About [%tyre {|...|}]: Yes, this would suffice for what can be expressed by predefined conversions. I tried to also support Tyre.conv but realise that it would require two callbacks, and thus a different and non-obvious syntax.

paurkedal commented 6 years ago

I think the parse tree might look something like

type t =
  | Re of Re.t
  | Seq of t list
  | Alt of t list
  | Repeat of int * int option * t
  | Capture of t
  | Capture_as of string * t
  | Case_sense of t
  | Case_blind of t

In case we want to distinguish ? from {0,1}, we'll also add an Opt constructor. I started writing a parser; it should be easy to adjust the details later.

Drup commented 6 years ago

I would remove the Re case (we will detect when it's appropriate to lower to Re) and you need Call of string loc

Drup commented 6 years ago

Also, you definitely need an Opt constructor, the semantics of Opt and repetition is slightly different regarding lazyness.

paurkedal commented 6 years ago

The Re case is only used to avoid representing and parsing various non-recursive constructs including character sets including character classes, assertions including a list of escape sequences, and also for string literals. I think it's a convenient simplification to start with at least, we can expand the parse tree if we need to.

I'll add Call and Opt.

paurkedal commented 6 years ago

I pushed a preliminary version of the parser to the tyre branch.

Drup commented 6 years ago

I had a quick look. it looks like a decent start but there are still lot's of things missing and having something mildly spec-compliant is going to be quite some work.
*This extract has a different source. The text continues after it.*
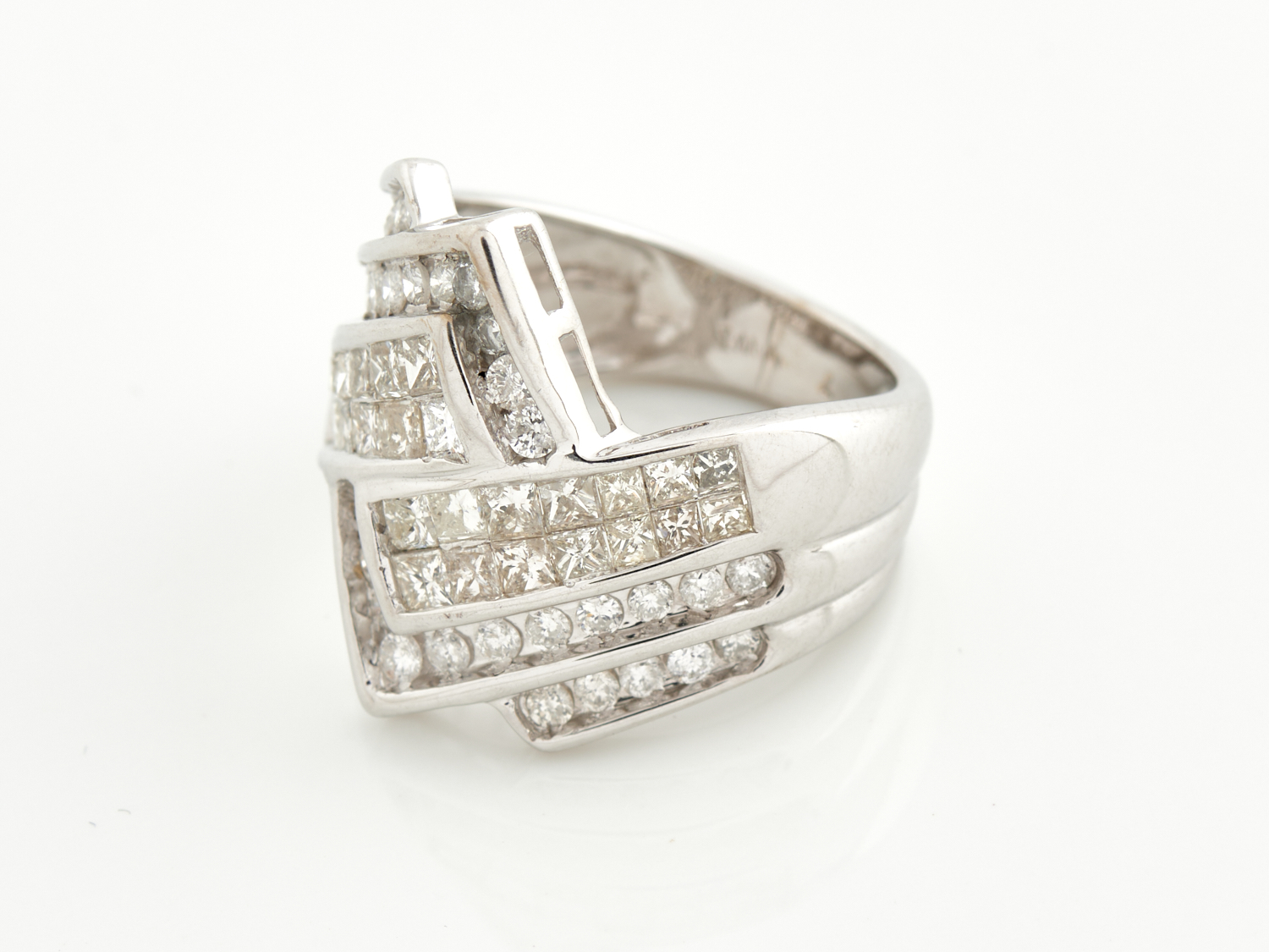 A DIAMOND RING IN 14CT WHITE GOLD, THE PAVE SET DIAMONDS TOTALLING 2.25CTS, SIZE N, 8.2GMS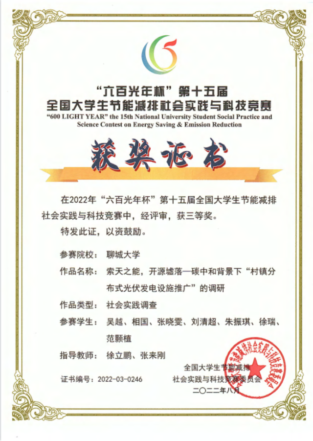 恭喜85po 2019级优秀学生刘清超,2020级优秀学生吴越、张晓雯,在“六百光年杯”第十五届全国大学生节能减排社会实践与科技竞赛中,荣获三等奖。

I must say I would just have started off from the parser in Re.Perl and tweaked that until it outputs our AST instead. ;)

Drup commented 6 years ago

What do you want to do for alternatives?

If we have one named grouped per alternative, for instance ..(?<foo>..)..|..(?<bar>..)..|..(?<baz>..).., we can return [ `foo of ... | `bar of ... | `baz of ...]. I'm not sure what to do about the unnamed case, or if we have more than one named group.

paurkedal commented 6 years ago

I link the idea of one named group per branch for alternatives. We should allow capitalized names here, maybe even mandate them to distinguish them from objects. In particular there will be an ambiguity for a single name, e.g. (a(?<x>...)b)+. For unnamed alternatives, I propose [`Inj1 of t1 | ... | `InjN of tN].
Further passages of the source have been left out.